Required work: Pictures stay out of the copy; set down each line of the listing below exactly.

Exercise data:
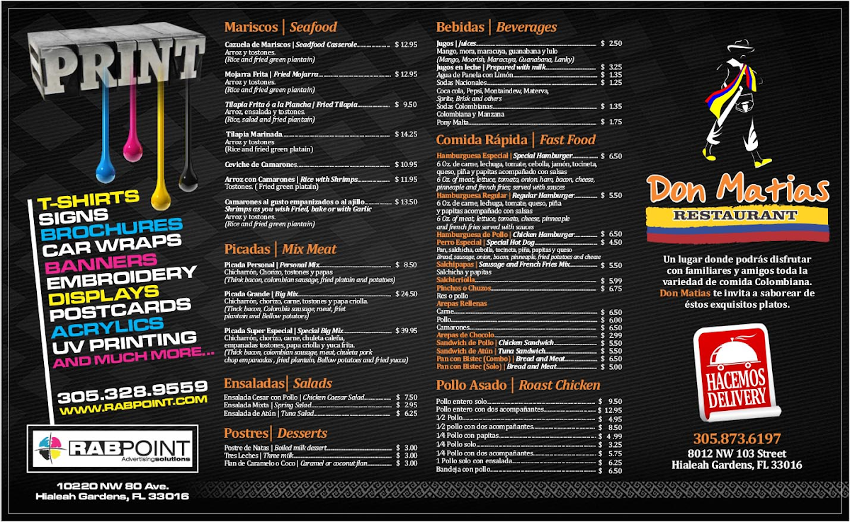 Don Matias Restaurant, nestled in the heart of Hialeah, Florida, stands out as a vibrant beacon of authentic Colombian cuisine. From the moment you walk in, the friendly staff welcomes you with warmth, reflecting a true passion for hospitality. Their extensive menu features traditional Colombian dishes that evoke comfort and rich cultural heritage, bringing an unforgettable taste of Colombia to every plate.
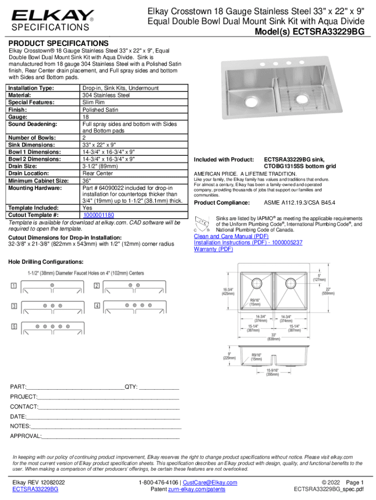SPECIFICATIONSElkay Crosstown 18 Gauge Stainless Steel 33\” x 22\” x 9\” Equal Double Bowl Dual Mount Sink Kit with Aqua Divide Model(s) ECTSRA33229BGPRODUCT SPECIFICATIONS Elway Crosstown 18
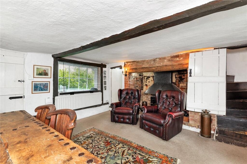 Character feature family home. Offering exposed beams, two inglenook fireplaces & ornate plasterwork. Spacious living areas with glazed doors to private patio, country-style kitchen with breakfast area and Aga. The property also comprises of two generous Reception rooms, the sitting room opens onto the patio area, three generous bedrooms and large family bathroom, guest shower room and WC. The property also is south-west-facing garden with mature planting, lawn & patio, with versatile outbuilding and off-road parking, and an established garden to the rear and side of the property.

Response below:
 Don Matias Restaurant, nestled in the heart of Hialeah, Florida, stands out as a vibrant beacon of authentic Colombian cuisine. From the moment you walk in, the friendly staff welcomes you with warmth, reflecting a true passion for hospitality. Their extensive menu features traditional Colombian dishes that evoke comfort and rich cultural heritage, bringing an unforgettable taste of Colombia to every plate.
SPECIFICATIONSElkay Crosstown 18 Gauge Stainless Steel 33\” x 22\” x 9\” Equal Double Bowl Dual Mount Sink Kit with Aqua Divide Model(s) ECTSRA33229BGPRODUCT SPECIFICATIONS Elway Crosstown 18
 Character feature family home. Offering exposed beams, two inglenook fireplaces & ornate plasterwork. Spacious living areas with glazed doors to private patio, country-style kitchen with breakfast area and Aga. The property also comprises of two generous Reception rooms, the sitting room opens onto the patio area, three generous bedrooms and large family bathroom, guest shower room and WC. The property also is south-west-facing garden with mature planting, lawn & patio, with versatile outbuilding and off-road parking, and an established garden to the rear and side of the property.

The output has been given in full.